(Listed records Opens)

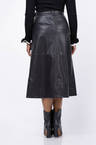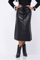 The Tanya Taylor Hudley Skirt in Black offers a refined silhouette with tiered seaming along its slimmer A-line shape. Featuring a high waist and a self-tie belt, it is designed to highlight perfect proportions while adding a stylish touch. This skirt combines elegance and modernity for a polished look.
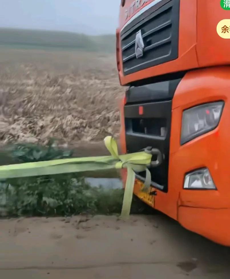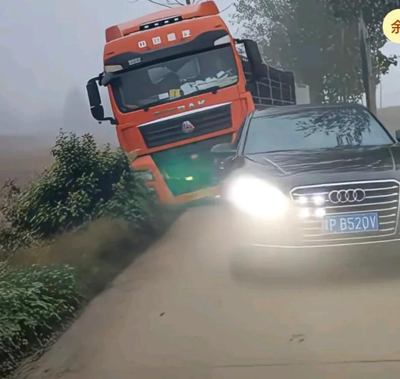 奥迪出婚车时遇到大货车陷到路边,直接系上绳子就开始了救援, 这车主真的是有大爱, 咱也不会开车, 也不懂这奥迪能把大货车拉出来吗, 有那种力量吗, 网友说,你尽管踩油门, 剩下的交给他, 他们说两辆奥迪也拉不出来,这个大货车, 就算拉出来货车的大梁也废了。
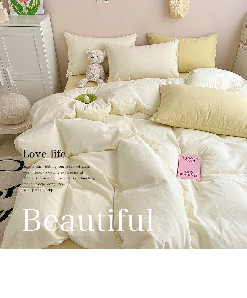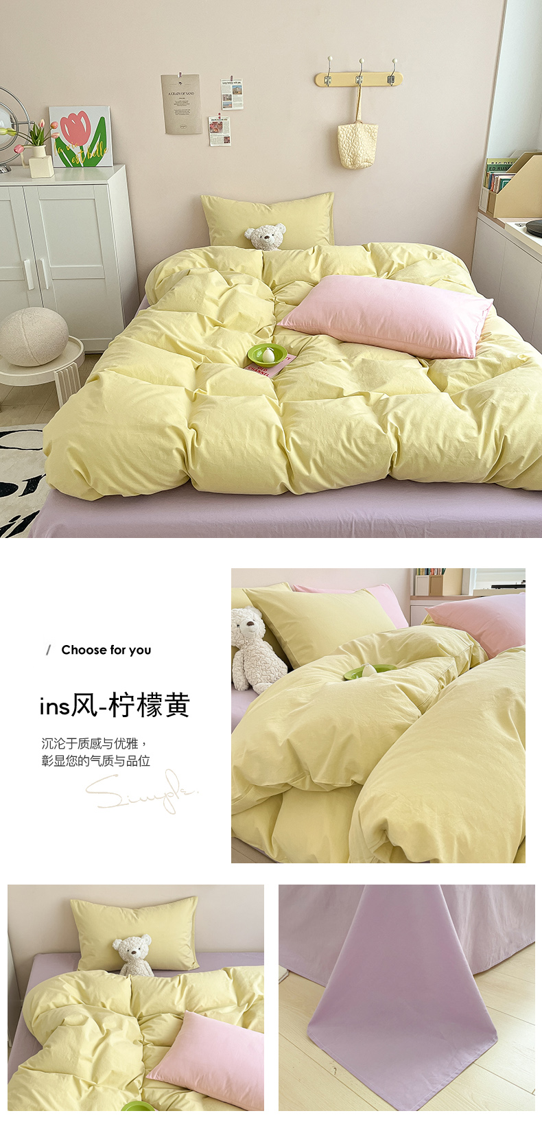 (总) 寐居 2023新款双拼全棉水洗棉纯色四件套,ins风-草绿色,ins风-湖绿色,ins风-裸粉色,ins风-迷雾蓝,ins风-奶油黄,ins风-柠檬黄,ins风-樱花粉,鹅黄+香芋紫,焦糖+卡其,军绿+焦糖,米黄+卡其,米黄+深粉,奶油玉+鹅黄,深粉+湖蓝,深蓝+焦糖,藏青+浅灰,绿+牛油果绿,米黄+浅蓝,抹茶绿+橡木黄,奶油玉+橄榄绿,奶油玉+香芋紫,浅豆沙+浅灰,深蓝+灰
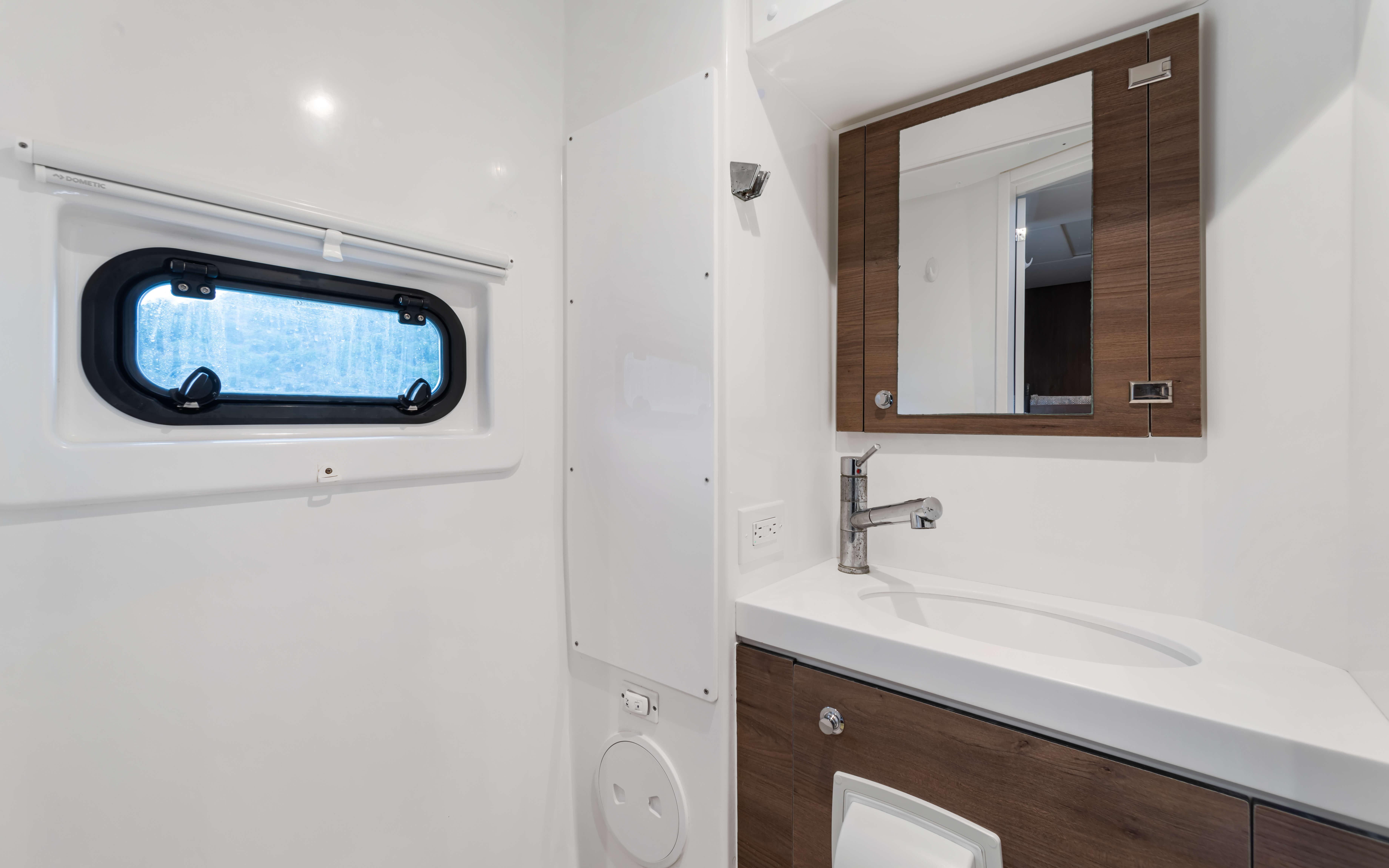 The open-concept interior includes a full-size galley with a 615-liter fridge and freezer, water and ice dispenser, and a generous salon dining space that seats twelve. A finished forepeak adds a captains cabin with an additional head, while the flybridge offers panoramic sea views in a tranquil setting.
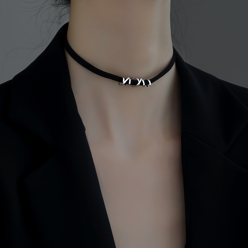 纯银黑色choker项圈锁骨链项链女2025新款爆款脖颈链颈带脖子饰品
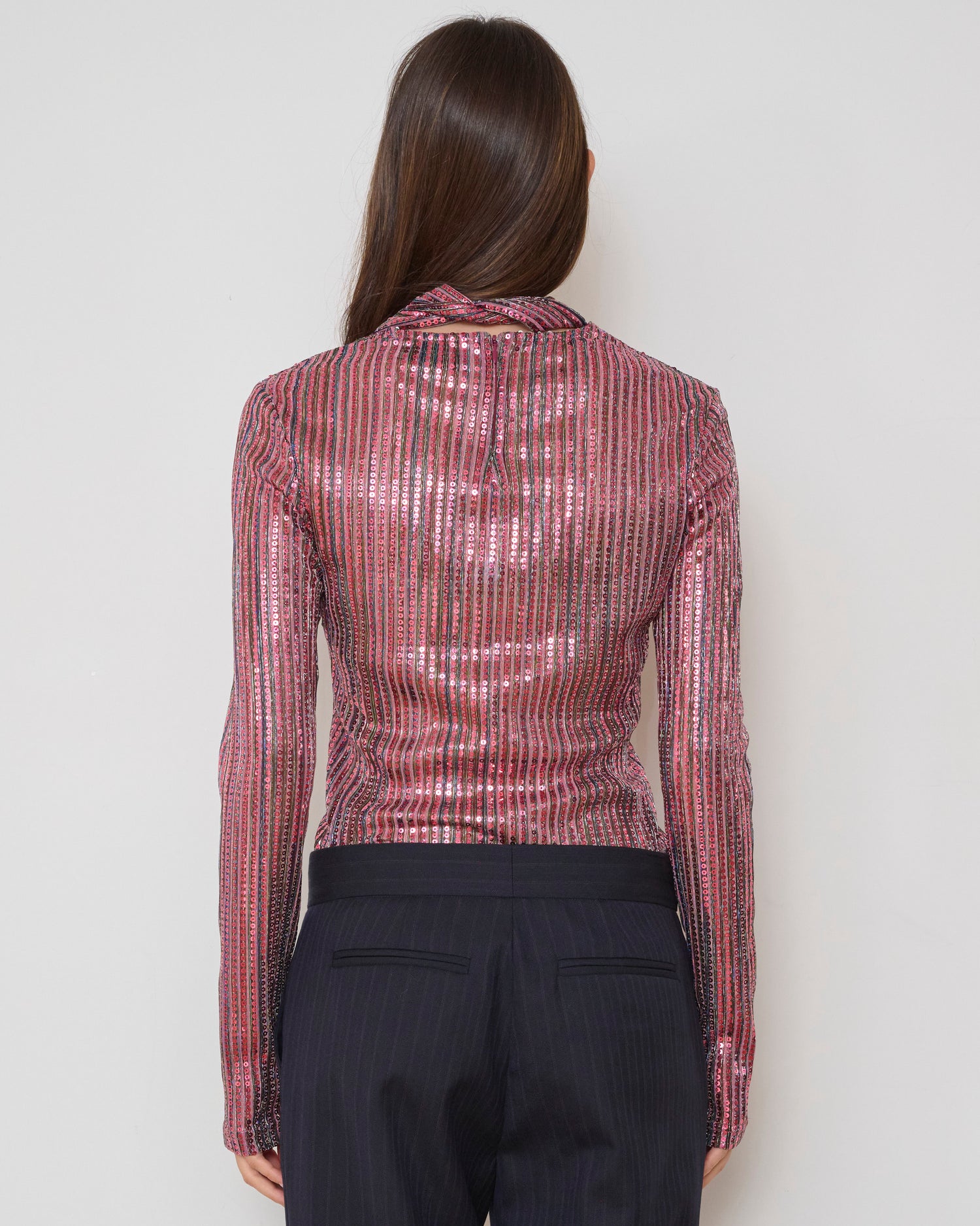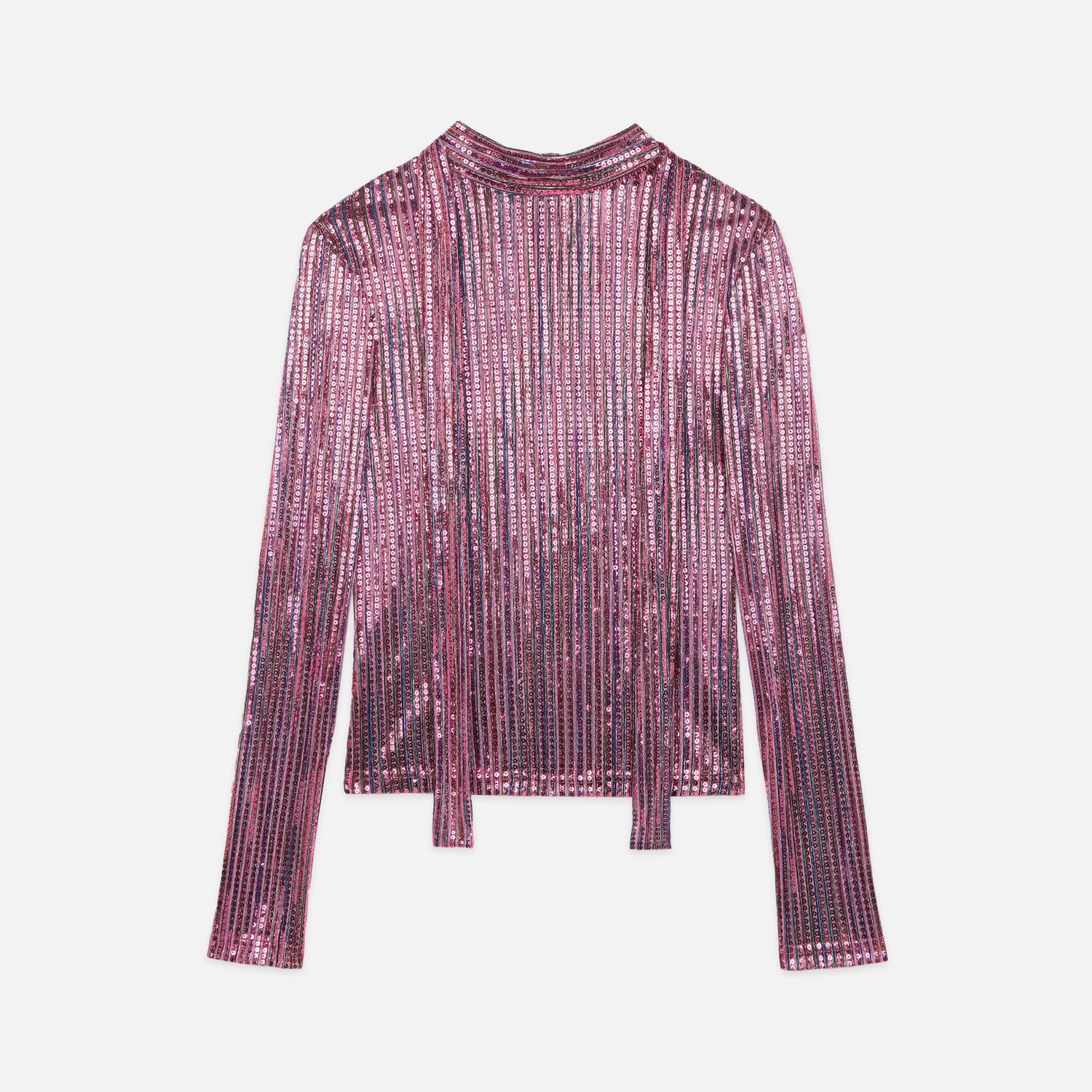A modern rebellion in light. The Disco Top is a sleek statement piece that reinterprets classic sparkle with a modern edge. Its shimmering fabric catches the light with every move, ensuring you command attention without saying a word. Its high-neck silhouette and fluid tie details offer a versatile elegance, allowing you to style it with a feminine bow or a nonchalant knot. It is a piece that blurs the lines between bold glamour and minimalist sophistication.

(Listed records Closes)

**To do:**
Write out again, word for word, the lines from the one holding "剩下的交给他, 他们说两辆奥迪也拉不出来,这个大货车, 就算拉出来货车的大梁也废了。" through the final line of the listing, including both ends but no pictures.

**Output for this exercise:**
 奥迪出婚车时遇到大货车陷到路边,直接系上绳子就开始了救援, 这车主真的是有大爱, 咱也不会开车, 也不懂这奥迪能把大货车拉出来吗, 有那种力量吗, 网友说,你尽管踩油门, 剩下的交给他, 他们说两辆奥迪也拉不出来,这个大货车, 就算拉出来货车的大梁也废了。
 (总) 寐居 2023新款双拼全棉水洗棉纯色四件套,ins风-草绿色,ins风-湖绿色,ins风-裸粉色,ins风-迷雾蓝,ins风-奶油黄,ins风-柠檬黄,ins风-樱花粉,鹅黄+香芋紫,焦糖+卡其,军绿+焦糖,米黄+卡其,米黄+深粉,奶油玉+鹅黄,深粉+湖蓝,深蓝+焦糖,藏青+浅灰,绿+牛油果绿,米黄+浅蓝,抹茶绿+橡木黄,奶油玉+橄榄绿,奶油玉+香芋紫,浅豆沙+浅灰,深蓝+灰
 The open-concept interior includes a full-size galley with a 615-liter fridge and freezer, water and ice dispenser, and a generous salon dining space that seats twelve. A finished forepeak adds a captains cabin with an additional head, while the flybridge offers panoramic sea views in a tranquil setting.
 纯银黑色choker项圈锁骨链项链女2025新款爆款脖颈链颈带脖子饰品
A modern rebellion in light. The Disco Top is a sleek statement piece that reinterprets classic sparkle with a modern edge. Its shimmering fabric catches the light with every move, ensuring you command attention without saying a word. Its high-neck silhouette and fluid tie details offer a versatile elegance, allowing you to style it with a feminine bow or a nonchalant knot. It is a piece that blurs the lines between bold glamour and minimalist sophistication.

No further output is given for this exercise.